Please write out exactly the lines of the data below from the line holding "- Обратноосмотическая мембрана" through the line holding "打开44118太阳成城集团官", and leave out the rest.

### Material for this exercise ###

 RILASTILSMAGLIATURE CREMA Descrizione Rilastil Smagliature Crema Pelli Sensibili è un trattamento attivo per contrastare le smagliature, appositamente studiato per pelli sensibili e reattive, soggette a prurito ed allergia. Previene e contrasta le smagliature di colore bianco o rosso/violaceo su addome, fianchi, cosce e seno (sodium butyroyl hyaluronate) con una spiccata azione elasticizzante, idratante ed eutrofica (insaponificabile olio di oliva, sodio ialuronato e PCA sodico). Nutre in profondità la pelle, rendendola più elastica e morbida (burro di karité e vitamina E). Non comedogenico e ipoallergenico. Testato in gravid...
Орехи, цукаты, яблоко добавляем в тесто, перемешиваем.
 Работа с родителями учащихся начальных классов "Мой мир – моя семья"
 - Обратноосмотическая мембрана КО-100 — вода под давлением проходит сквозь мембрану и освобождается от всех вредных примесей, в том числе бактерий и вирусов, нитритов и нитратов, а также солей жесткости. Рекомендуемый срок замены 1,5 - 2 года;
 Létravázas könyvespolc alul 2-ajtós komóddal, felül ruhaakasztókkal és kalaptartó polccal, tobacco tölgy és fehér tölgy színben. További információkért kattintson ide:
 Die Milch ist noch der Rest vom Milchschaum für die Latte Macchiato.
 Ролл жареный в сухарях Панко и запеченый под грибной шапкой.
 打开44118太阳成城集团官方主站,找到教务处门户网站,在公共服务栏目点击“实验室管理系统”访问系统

###
### Material for this exercise ###

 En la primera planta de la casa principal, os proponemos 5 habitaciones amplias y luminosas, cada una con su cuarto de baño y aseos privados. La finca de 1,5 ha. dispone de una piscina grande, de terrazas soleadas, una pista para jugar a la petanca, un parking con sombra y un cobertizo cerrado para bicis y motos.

###

- _Exercise response_:
 - Обратноосмотическая мембрана КО-100 — вода под давлением проходит сквозь мембрану и освобождается от всех вредных примесей, в том числе бактерий и вирусов, нитритов и нитратов, а также солей жесткости. Рекомендуемый срок замены 1,5 - 2 года;
 Létravázas könyvespolc alul 2-ajtós komóddal, felül ruhaakasztókkal és kalaptartó polccal, tobacco tölgy és fehér tölgy színben. További információkért kattintson ide:
 Die Milch ist noch der Rest vom Milchschaum für die Latte Macchiato.
 Ролл жареный в сухарях Панко и запеченый под грибной шапкой.
 打开44118太阳成城集团官方主站,找到教务处门户网站,在公共服务栏目点击“实验室管理系统”访问系统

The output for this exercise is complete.